A logistic regression analysis showed that sNox2-dp (OR: 1.035; 95% CI: 1.007-1.064; p = 0.015), heart failure (OR: 5.386; 95%CI: 1.900-15.271; p = 0.002) and male sex (OR: 5.344; 95%CI: 1.780-16.046; p = 0.003) predicted ICU admission, after adjusting for age, CAD, PAD and COPD.
Among 182 Covid-19 patients included in the study 35 patients (19%) experienced thrombotic events in the arterial (n = 15) and venous circulation (n = 20) during a median follow-up of 18 days (IQR: 11-27 days). Venous thrombosis included 7 superficial thrombophlebitis, 7 deep venous thrombosis and 6 pulmonary embolisms. Arterial thrombosis included 8 acute limb ischemia, 4 myocardial infarctions and 3 strokes. Patients experiencing thrombotic events were older, had a higher prevalence of CAD, PAD, and were more frequently admitted to ICU than thrombotic event -free ones (43 vs 12%). Patients with thrombotic events showed higher levels of sNox2-dp(Table 2; Fig. 1C) and D-dimer(Table 2) than thrombosis-free ones; no correlation was found between sNOX2-dp and D-dimer levels (Spearman's rho = 0.083; p = 0.336).
A logistic regression analysis showed that sNox2-dp (OR: 1.028; 95% CI: 1.001-1.055; p = 0.041) and CAD (OR: 3.481; 95%CI: 1.524-7.048; p = 0.003) predicted thrombotic events, after adjusting for age and PAD.
4. Discussion
The study provides evidence that, compared to controls, Covid-19 patients displayed overactivation of Nox2, which was more marked in patients admitted to ICU. Covid-19 patients with thrombotic complications had higher Nox2 activation compared to event-free patients suggesting a role for Nox2 as mechanism favoring thrombotic-related ischemic events.
Covid-19 binding and entry into human cells occurs via converting enzyme 2 (ACE2) and may enhance angiotensin II levels and eventually Nox2 activation [15]. Thus, a link between angiotensin II and Nox2 may occur in Covid-19 patients as the entry of Covid-19 into the cells occurs via interaction of viral S-protein with extracellular domains of the transmembrane ACE2 protein; this results in surface ACE2 expression downregulation and loss of function and is accompanied by angiotensin II up-regulation as ACE2 has a role in angiotensin II degradation [16]; in fact, angiotensin II levels have been found elevated in Covid-19 patients and linearly correlated with viral load [17,18]. The increase of angiotensin II in Covid-19 has potentially deleterious effect as angiotensin II is implicated in artery dysfunction, an effect that may be mediated by Nox2 activation via production of ROS and eventually endothelial damage [15]. Experimental study demonstrated, in fact, that angiotensin II has a negative impact on vascular disease as it promotes proinflammatory changes of artery endothelium, vascular infiltration of monocytes and ultimately vascular dysfunction via Nox2-mediated oxidative stress [15]. Our hypothesis is supported by Nox2 overactivation in Covid-19 patients with >40% increase compared to controls.

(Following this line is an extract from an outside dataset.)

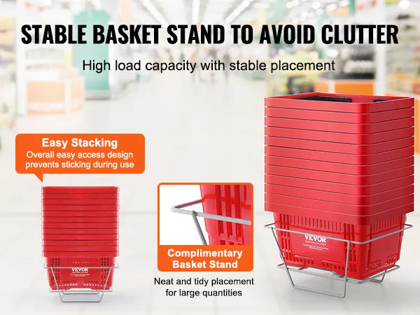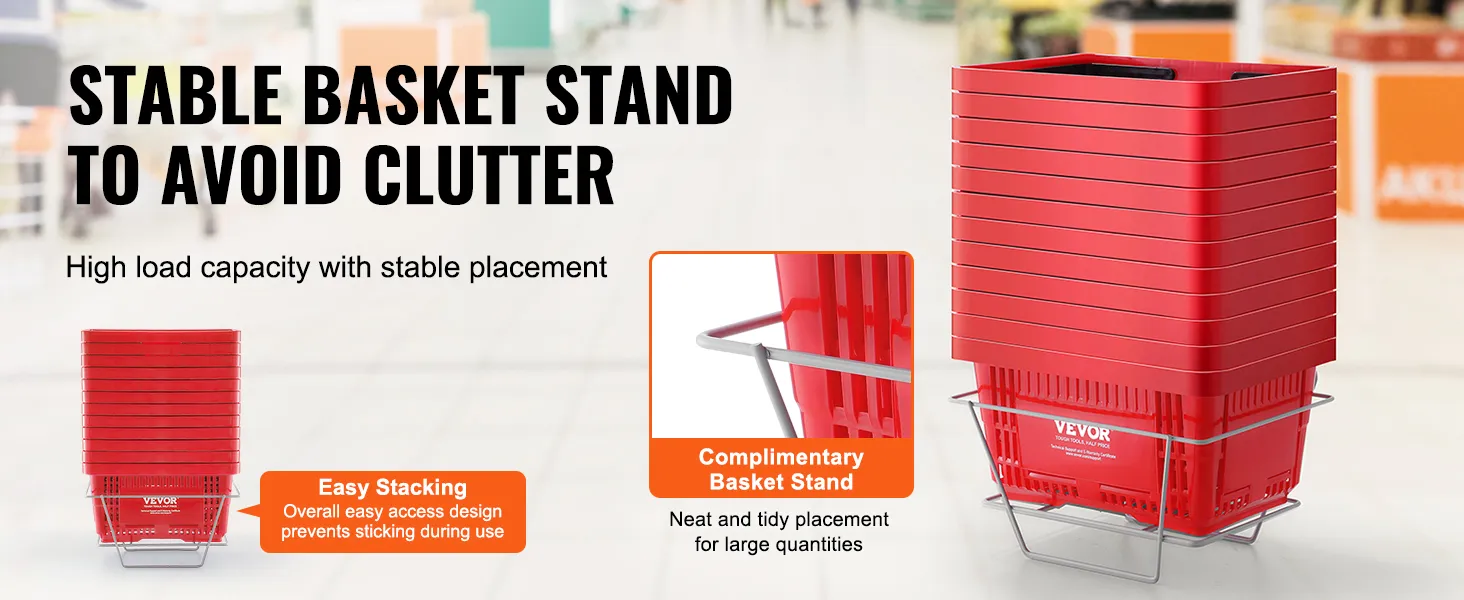 High Load-Bearing Basket Stand: Keep your shopping organized with our basket stand! Easily store multiple plastic shopping baskets and keep your space clutter-free. Ideal for supermarkets or at home, it's a must-have for a convenient shopping experience. Place it throughout the store to attract customers' attention and encourage quick purchases.

Covid-19 patients with thrombotic complications had higher Nox2 activation compared to event-free ones, independently upon confounders such as coexistent atherosclerotic burden including coronary artery disease and peripheral artery disease, that are associated to Nox2 activation [19,20] and age. We must acknowledge, however, the overlap of Nox2 activation in the Covid-19 population with and without vascular disease, which may entail that Nox2 activation is not the only factor concurring to ischemic complications. We have recently demonstrated, for instance, that serum albumin, which an important blood antioxidant, is reduced in Covid-19 and associated with a higher rate of thrombotic complications [1]; this would suggest that more than one component of redox balance may intervene in favoring thrombosis. Furthermore, Covid-19 related ischemic events could not be fully related to clotting/platelet activation as indirectly suggested by the lack of association between Nox2 and D-dimer elevation in patients with vascular complications.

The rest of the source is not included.